My friend Sheldon in New Hampshire wrote me a long email that I read right before I went to bed.  He is in the same industry as myself – IT/Software – but on the sales side for a big well known company.  He is probably the only person in my life that 100% understands what I do and I sometimes take advantage of this fact to bore him with absurdly nerdy stories about what I am up to at home or at work.  I can tell him I got streaming working from one PC to another using sunshine and moonlight at 1080p at 60fps and he knows.  I can tell him I am using python and a variety of screen scraping methods to extract data from a vendor app's UI so we can store it in JSON format and this instantly makes sense to him.  I can inform him that zone 3 of my upstairs HVAC unit is finally working because I rewired the therm to get Y2 connected and he'll know about that too.  These things make sense to him, they are projects worth doing and things worth knowing.  

The gist of his email is that he went to see his failing mother in AZ instead of going to a work conference.  “Took a page out of The Last Captain's playbook and skipped the conference, knew I'm a senior person and they won't do anything about it.”  (The Last Captain is me.  I often tell Sheldon that I skip things at work that I don't feel like doing – a lot of the face time-y networking-type of activities that I despise.  

He expects a response today.  I might ask AI to help me write one once Penny has gone to work.

Yesterday:  Because it was cool out I decided to work on the attic some.  I started putting up this heat reflective sheeting between the ceiling joists called Reflectix.  It stops radiant heat from coming in and is pretty effective from what I read online.  I wanted to see how easy or hard it is to put up and it's not bad.  big 4' wide silver roll.  I undo some on the floor, cut peices out, staple them to joists.  I am wearing my full PPE gear now – my shitty shoes, long jeans, long sleeve shirts, an n95 mask.  It makes the work hotter but also more manageable because i don't feel quite as gross.

So I got a bunch of that up but then got stuck because I did decide to move the flex duct on the registers. 

In the middle of the night I came up with this plan.

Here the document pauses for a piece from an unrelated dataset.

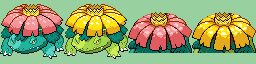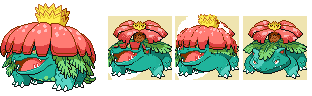 una comparación del sprite con el venusaur, la mega y el gigamax, todos están 64x64 lo subo pixeleado, por si se me lo llevan jajaja antes de terminarlo. Considero que sus tamaños están considerables, y no se ven muy pequeños uno a otros.

Once that is done I can also get the reflective barrier up on the roof behind that register and do that general area.  I can get a lot done on the reflectix project quickly if I move, move, move, don't think too hard, it's just fucking insulation, I'm not breaking anything, it's not rocket science or even computer science or even scripting shit for my shitty job.

I have to go get the dog.  My mood was overall shit yesterday btw for the first part of the day, the largest chunk, and I found myself thinking, not for the first time, about my mother and her side of the famly and their addictive and depressive tendencies and hating them all for the things that I have inherited.